▶ _YOUR GOAL_: Give the data back exactly. Leave out any images.

THE DATA Block Start

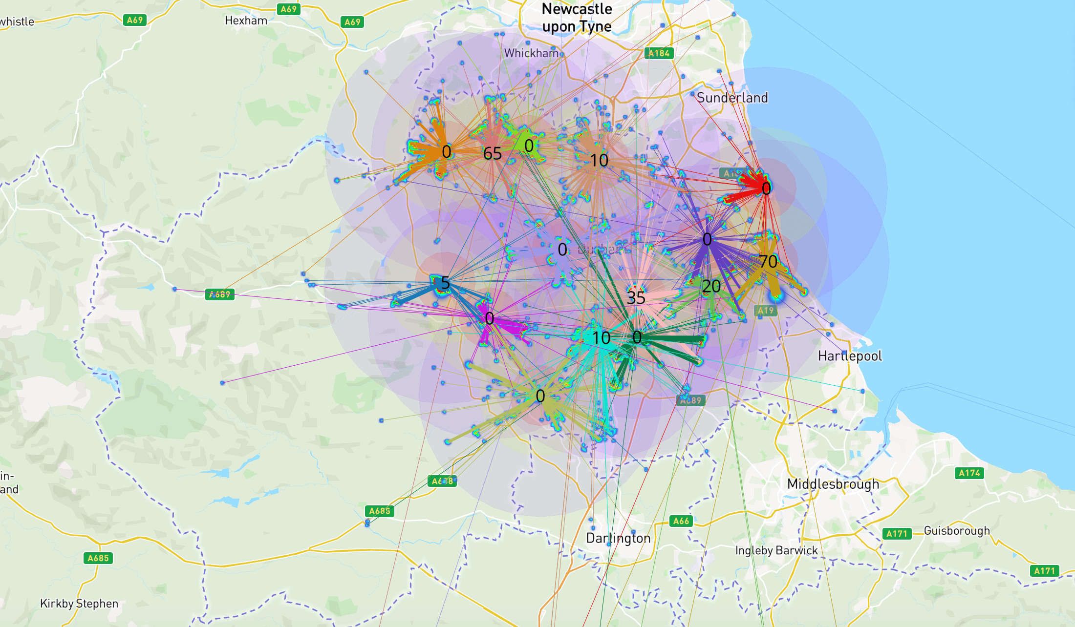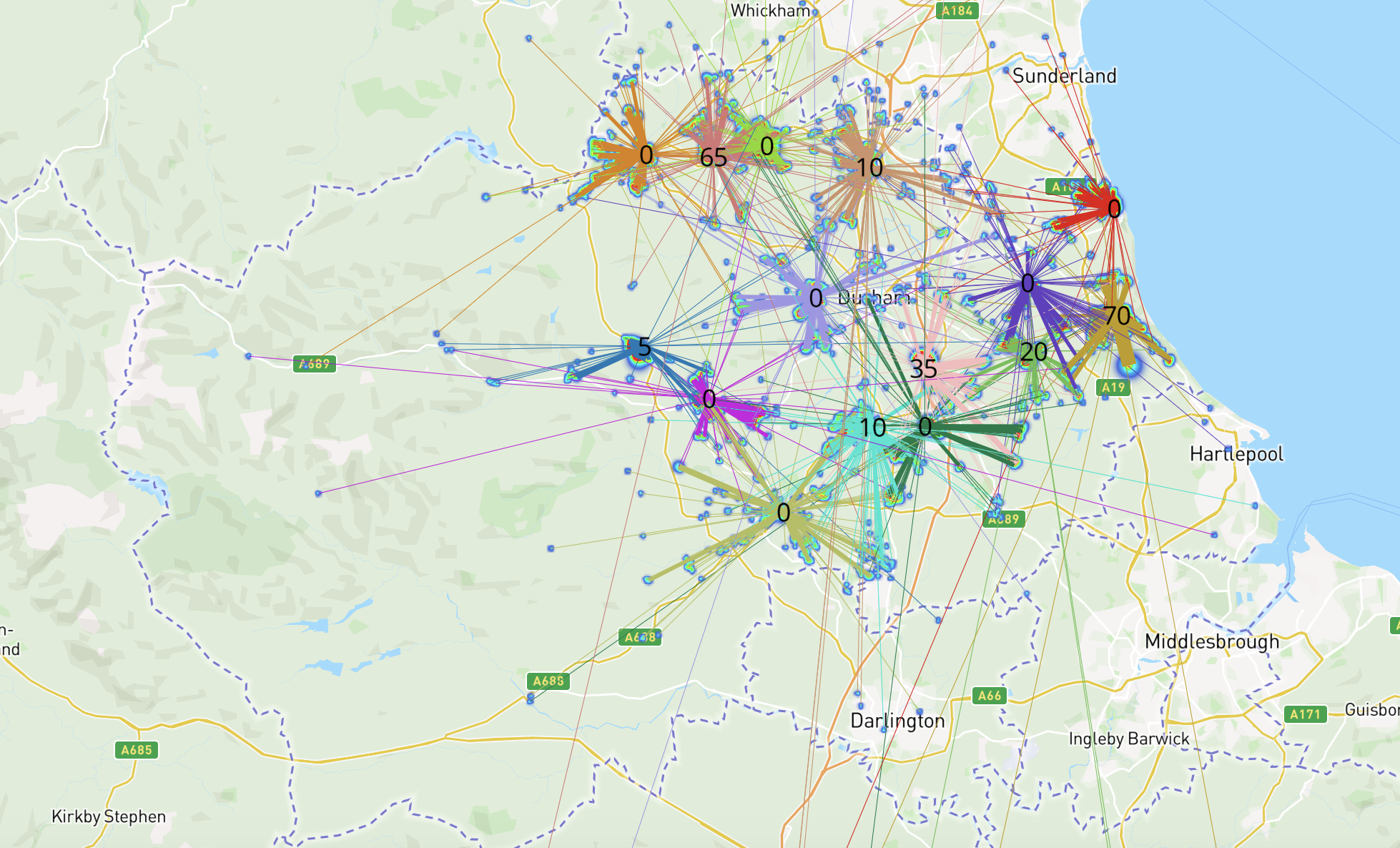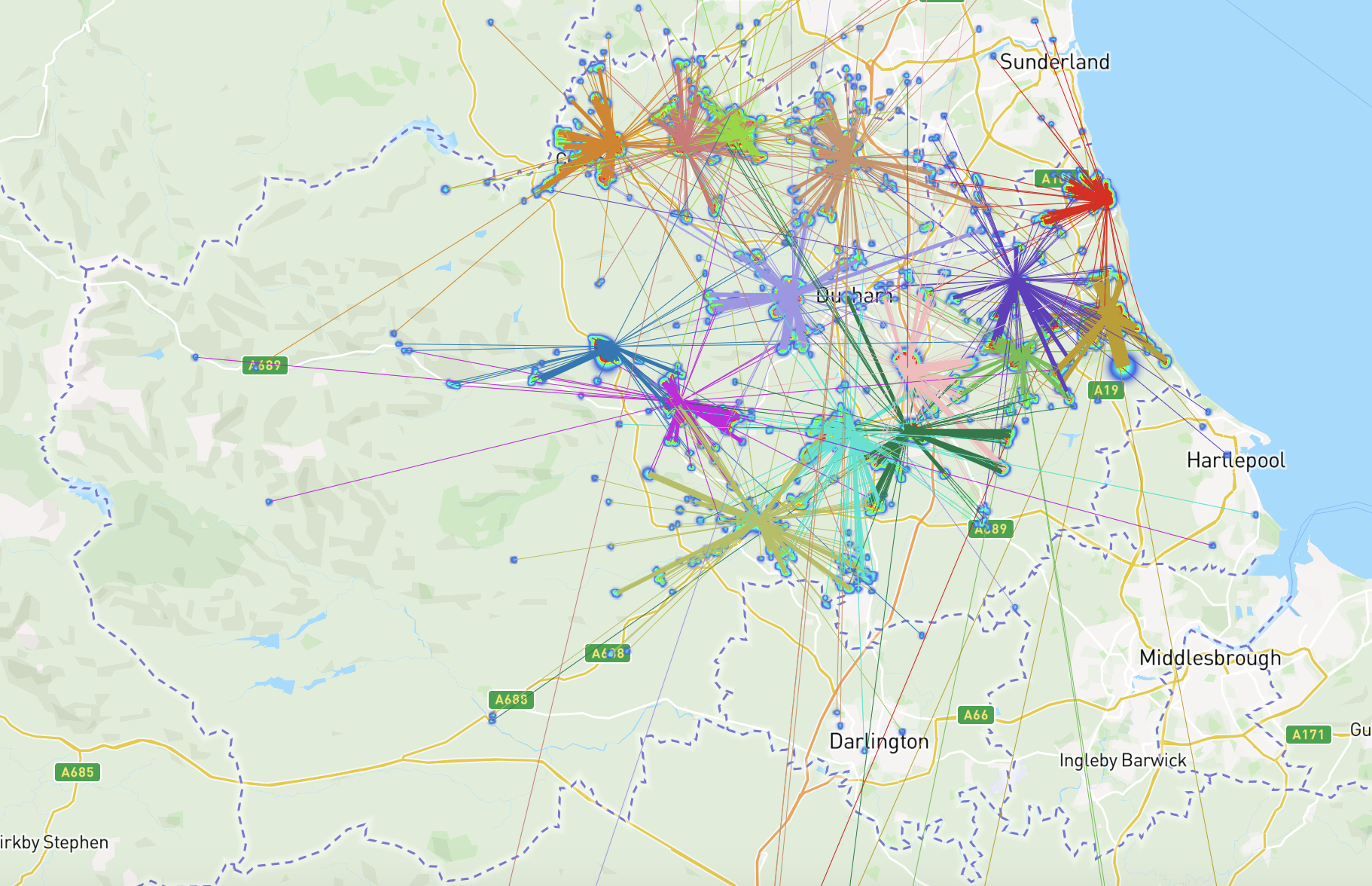 During this week, I have mapped the lines of which person on the heatmap travelled to where, this helps in visualising and understanding how far people travel to the hub and thus might have a need in having a hub in the nearby region.
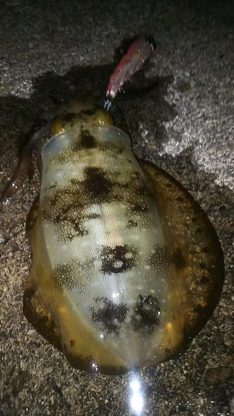 仕事帰りに、エギングへ!少し離れた人がHITしたら、すぐにオレもHIT! 地合い到来と思いましたが、この一瞬で終了・・・後は反応ナッシング。 仕事帰りなので、早々と終了としました。
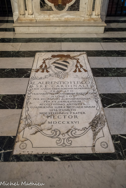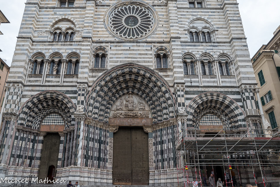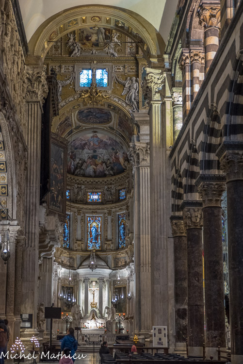 Chiesa del Gesù. La façade est refaite durant la seconde moitié du XIXe siècle, après la démolition de l’arcade qui mettait en communication directe le palais ducal avec l'église du Gesù, par sa façade, prenant pour modèle d’anciens projets de Pierre-Paul Rubens. Terminée en 1894, elle est enjolivée des statues de saint Ambroise (à droite) et de saint André (à gauche, avec sa croix), œuvres de Michele Ramognino
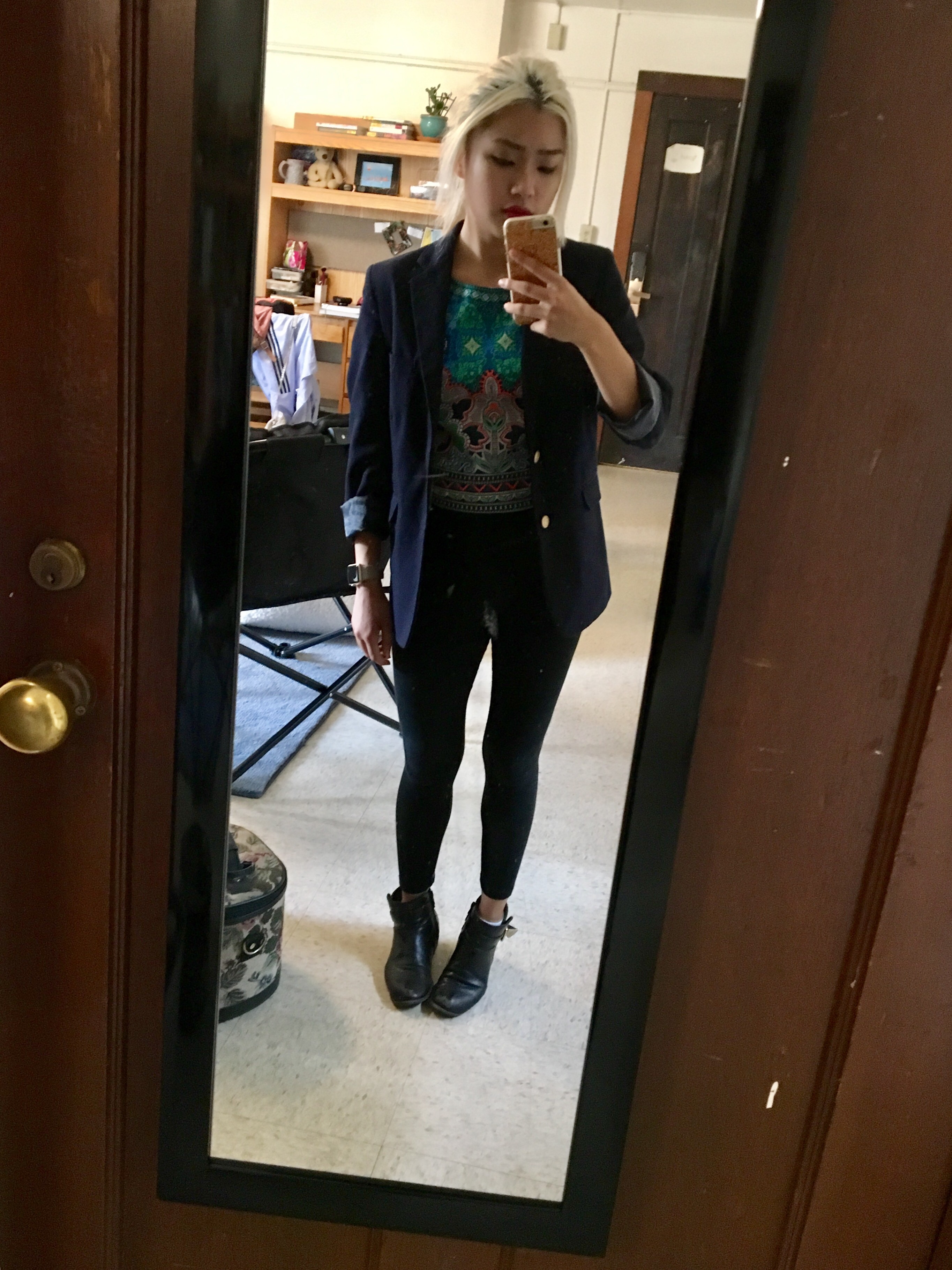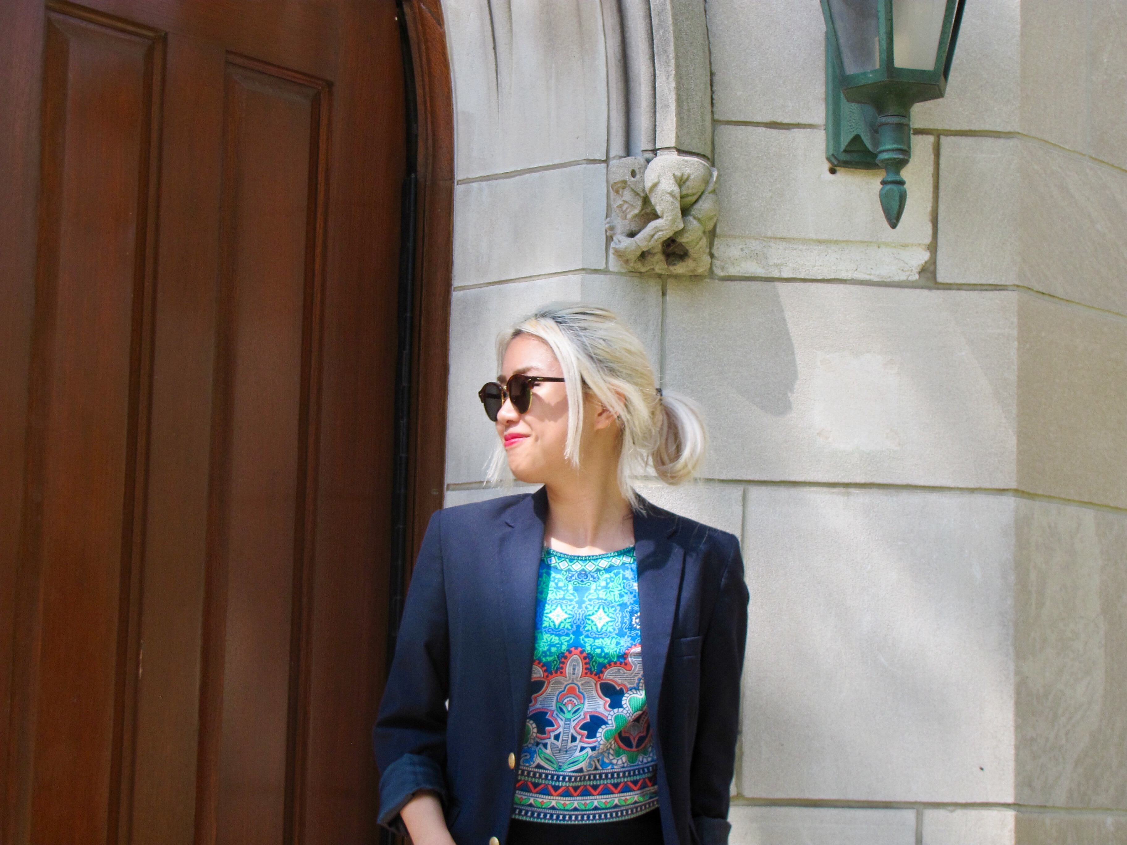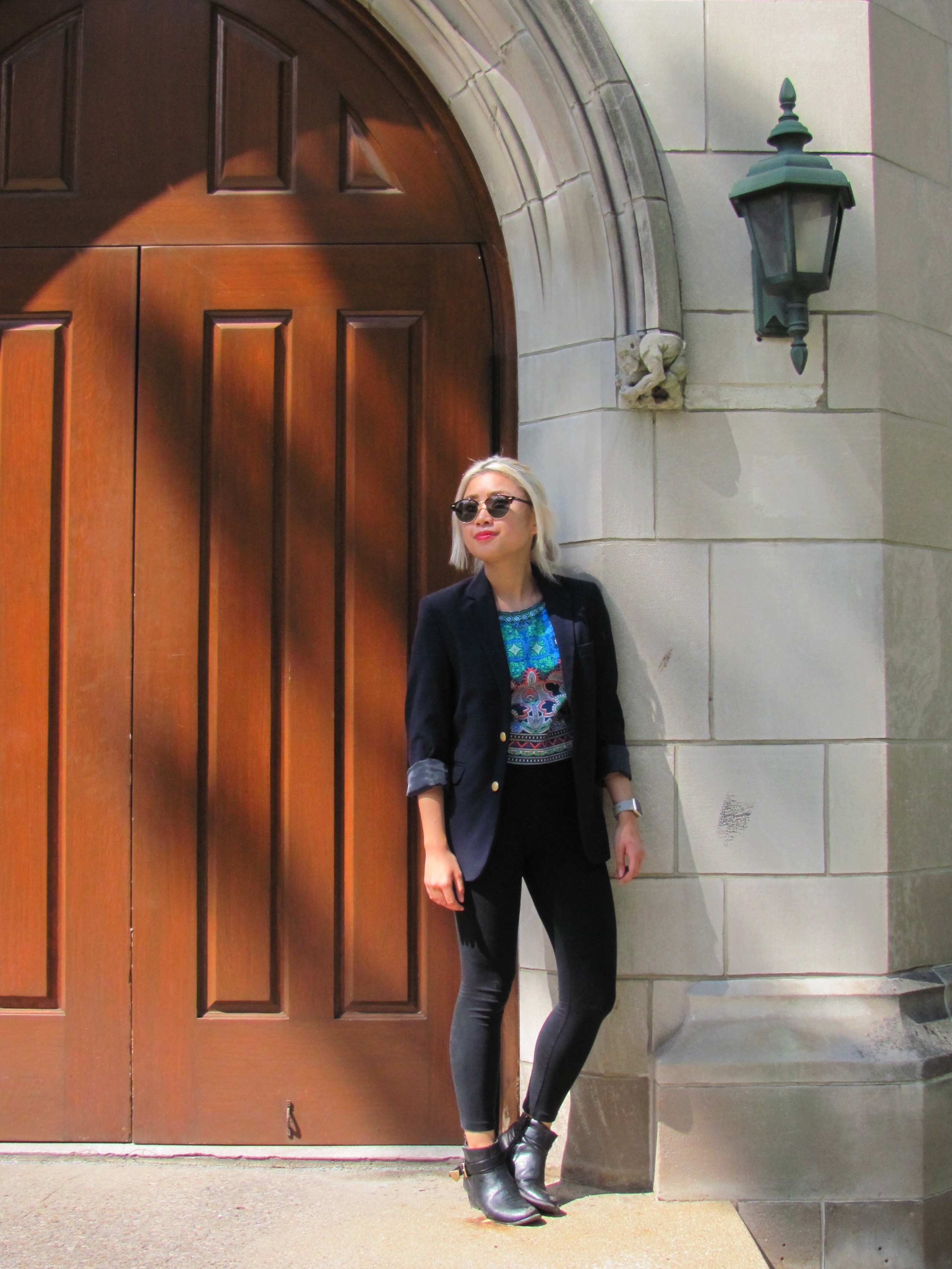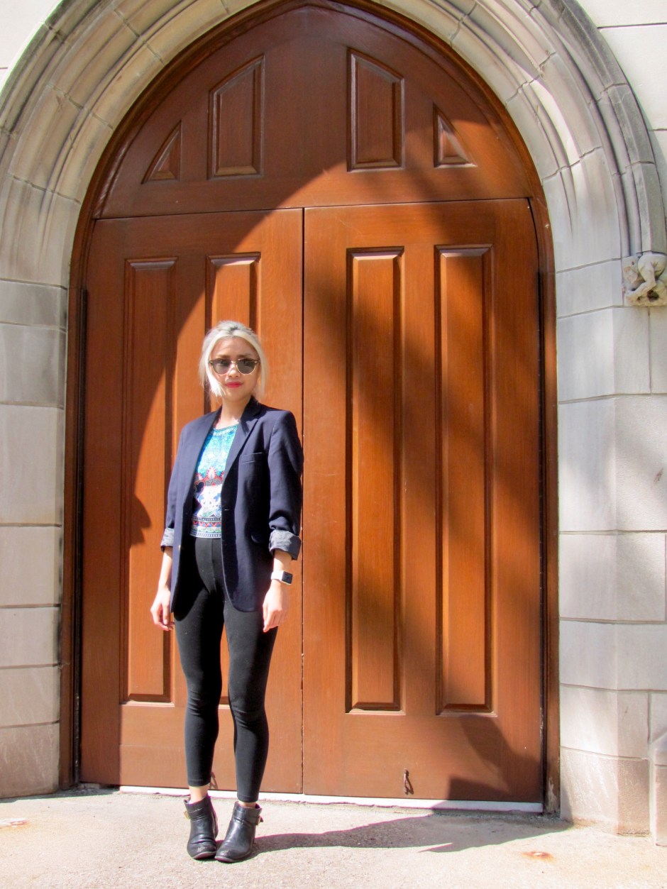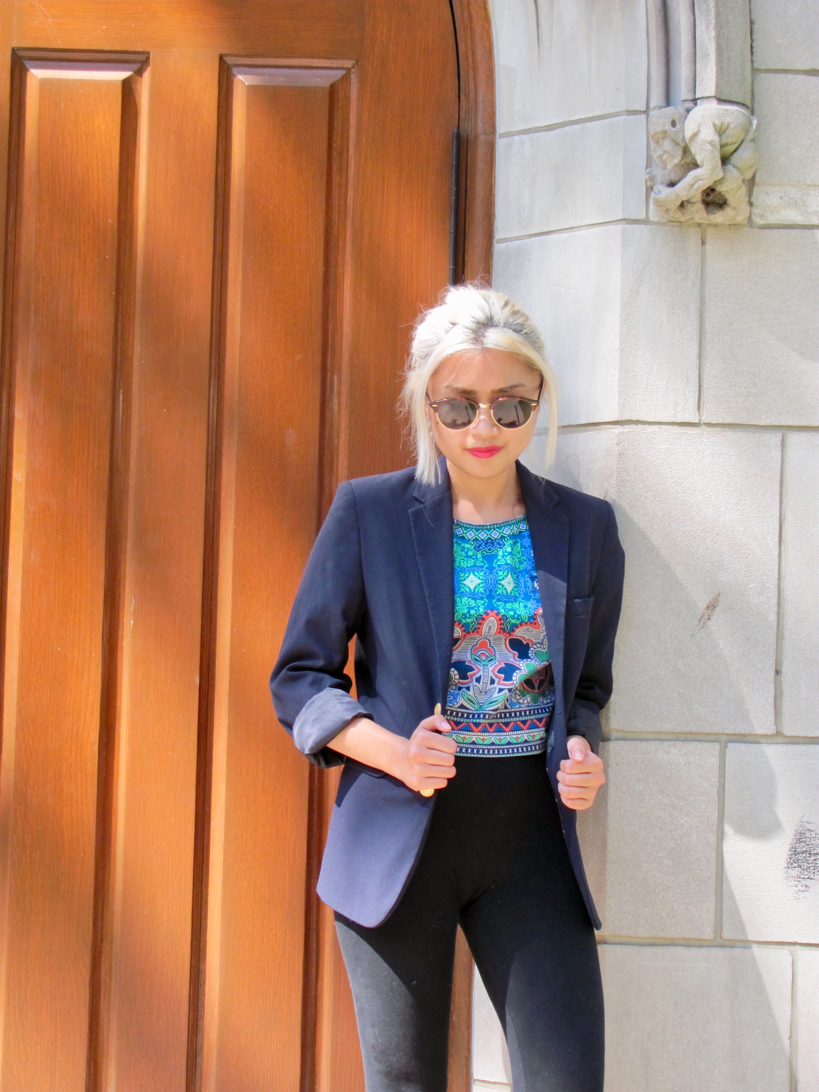 As for today’s outfit, you might notice it’s not entirely different from one I posted rather early on in my blog-writing career (you know, which began a whopping four months ago). I wasn’t a huge fan with how it turned out, though, in terms of pictures, as that was from a time when I was still taking my own pictures by setting up my iPhone with a timer. Thus, I decided to remix it, taking what I did rather enjoy about the outfit – the combination of a simple black pair of leggings with the bright, colorful top – adding some new elements – the navy blazer – and then photographing it with an actual camera.

THE DATA Block End

▶ _SOLUTION TO THE EXERCISE_:
 During this week, I have mapped the lines of which person on the heatmap travelled to where, this helps in visualising and understanding how far people travel to the hub and thus might have a need in having a hub in the nearby region.
 仕事帰りに、エギングへ!少し離れた人がHITしたら、すぐにオレもHIT! 地合い到来と思いましたが、この一瞬で終了・・・後は反応ナッシング。 仕事帰りなので、早々と終了としました。
 Chiesa del Gesù. La façade est refaite durant la seconde moitié du XIXe siècle, après la démolition de l’arcade qui mettait en communication directe le palais ducal avec l'église du Gesù, par sa façade, prenant pour modèle d’anciens projets de Pierre-Paul Rubens. Terminée en 1894, elle est enjolivée des statues de saint Ambroise (à droite) et de saint André (à gauche, avec sa croix), œuvres de Michele Ramognino
 As for today’s outfit, you might notice it’s not entirely different from one I posted rather early on in my blog-writing career (you know, which began a whopping four months ago). I wasn’t a huge fan with how it turned out, though, in terms of pictures, as that was from a time when I was still taking my own pictures by setting up my iPhone with a timer. Thus, I decided to remix it, taking what I did rather enjoy about the outfit – the combination of a simple black pair of leggings with the bright, colorful top – adding some new elements – the navy blazer – and then photographing it with an actual camera.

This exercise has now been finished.